What does Joint Custody mean in Alberta?

What does Joint Custody mean in Alberta?

Joint custody disagreements are very common during divorce proceedings and can be emotionally charged discussions. We recommend hiring a divorce lawyer if you and your spouse are having disagreements regarding your child custody arrangements. This article is not intended to act as legal advice but briefly goes over what joint custody means in Alberta.

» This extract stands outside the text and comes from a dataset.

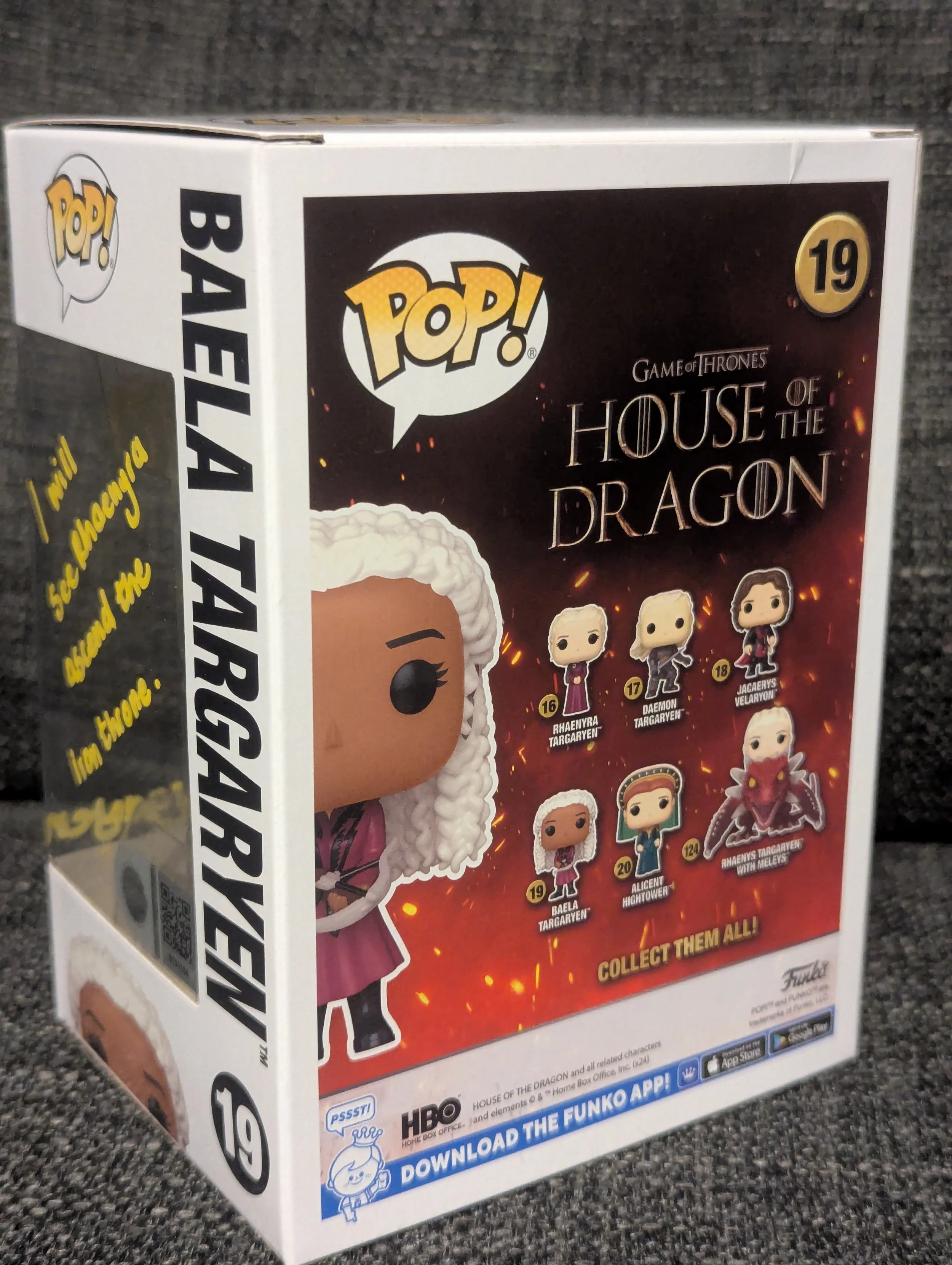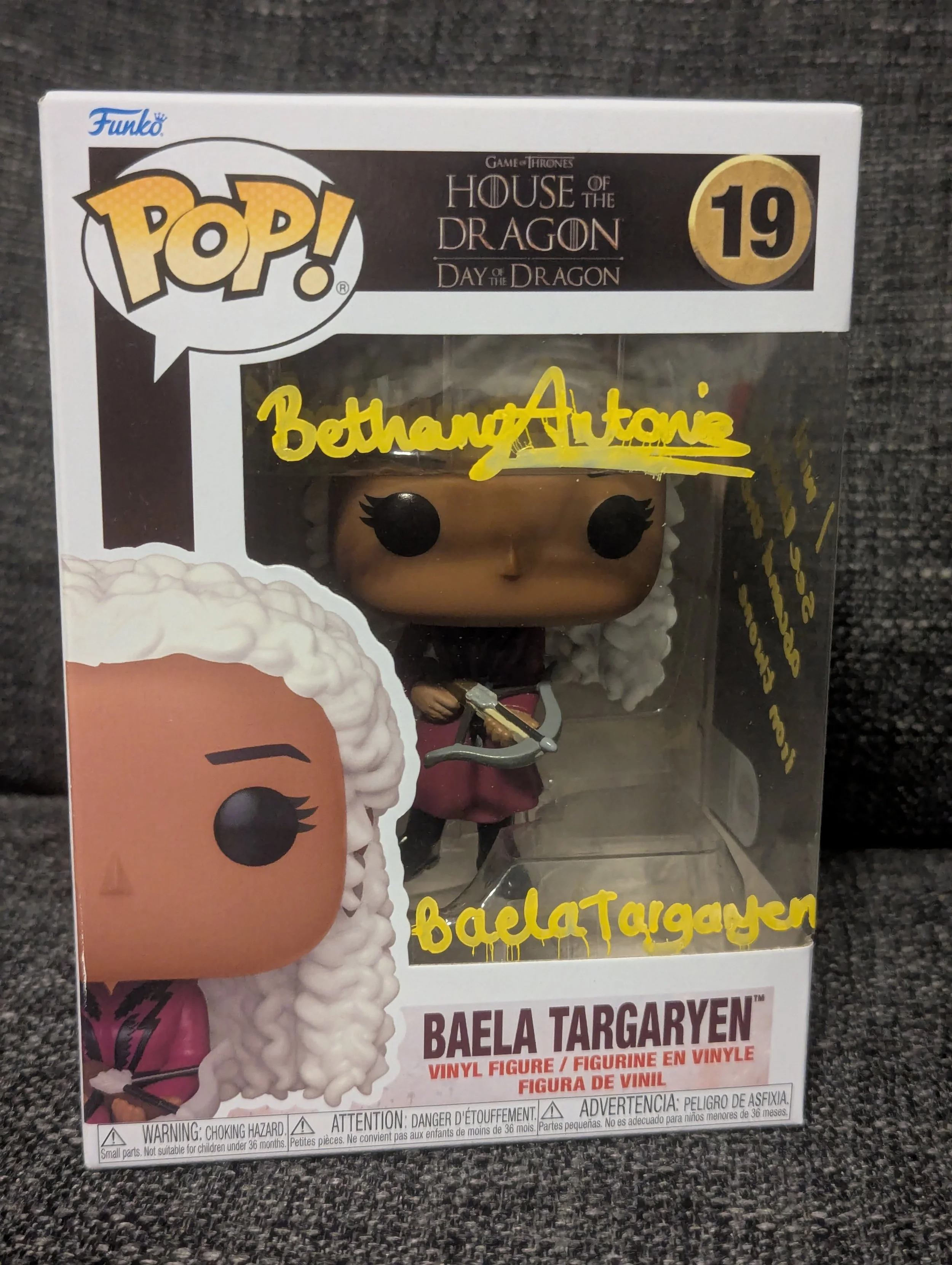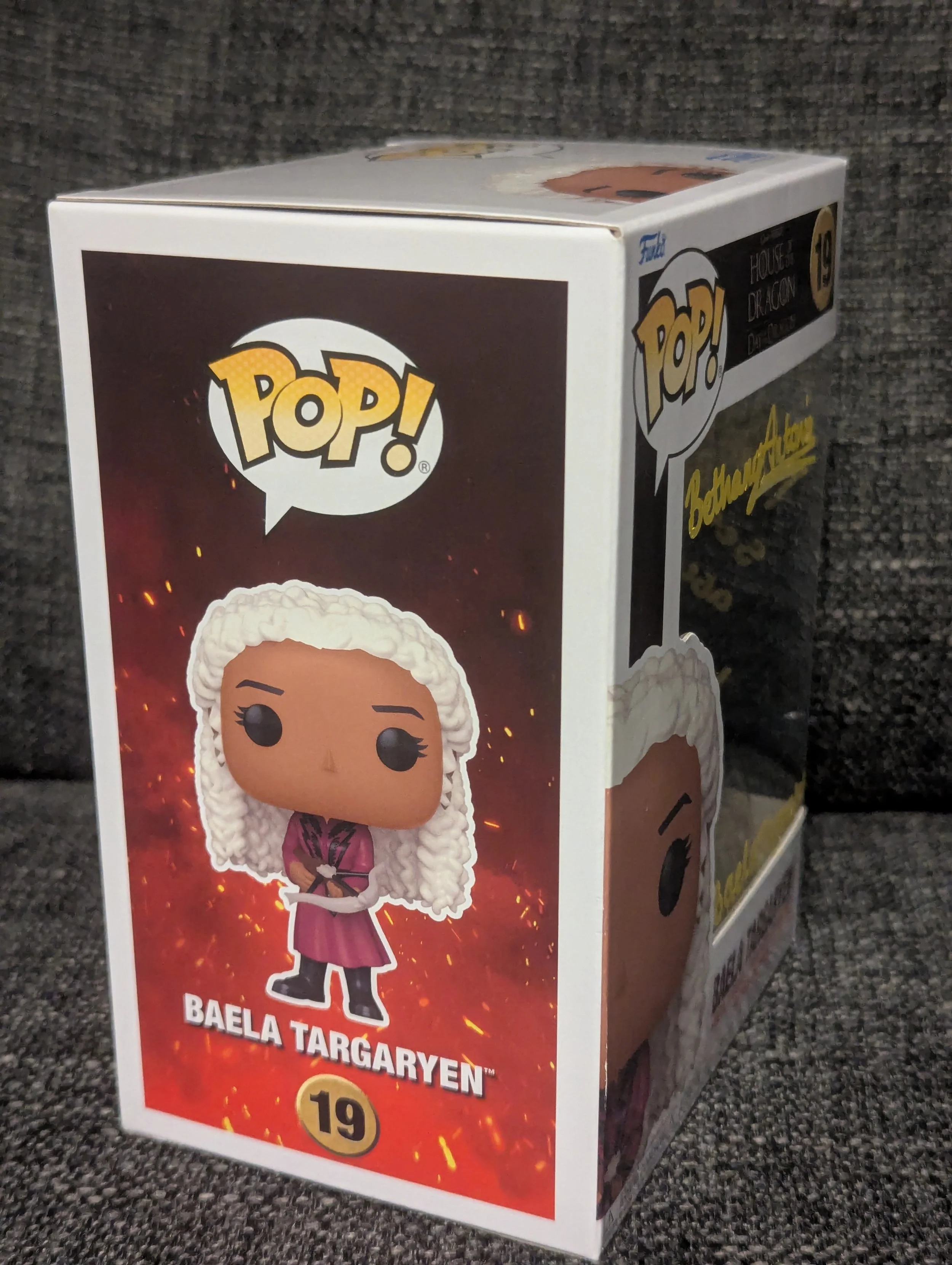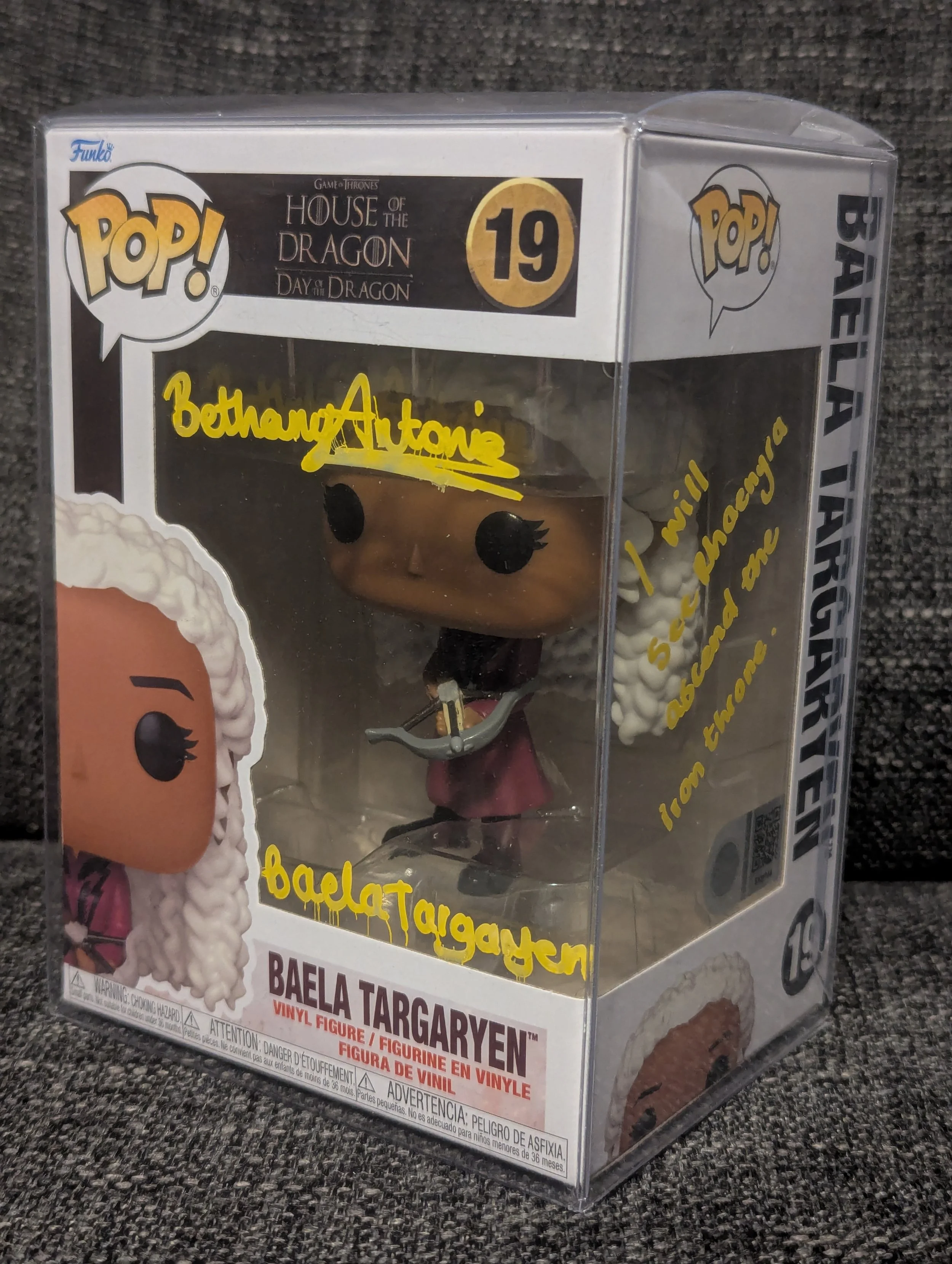Prepare your collection for the return to Westeros with this House of the Dragon – Baela Targaryen Funko Pop! #19, signed & quoted by Bethany Antonia, who portrays Baela Targaryen in HBO’s hit series House of the Dragon.

In Alberta, a child is any person under the age of 18 and their custody or access are governed by

  1. The federal Divorce Act when the parents are legally married and have started divorce proceedings under the Act; and
  2. Alberta’s Family Law Act is available to both married and unmarried couples with children.

Sorting out the legalese

The legal jargon varies between Canada’s federal laws and Alberta’s provincial laws. The terms “access” and “parenting” refer to rights for parents to have time with the child in federal and provincial laws respectively.
Whereas custody relates to the ability of a parent to make daily and major decisions in relation to their child including their living arrangements and parenting schedules. The overarching principle in both laws are that all decisions involving the child are made in the child’s “best interests” factoring in their physical, psychological and emotional safety.

Joint custody: The most common arrangement

Joint custody is the most common arrangement in Alberta and ensures both parents have a clear voice in critical decisions regarding their child. The success of joint custody arrangements is highly dependent on the co-operation of both parents.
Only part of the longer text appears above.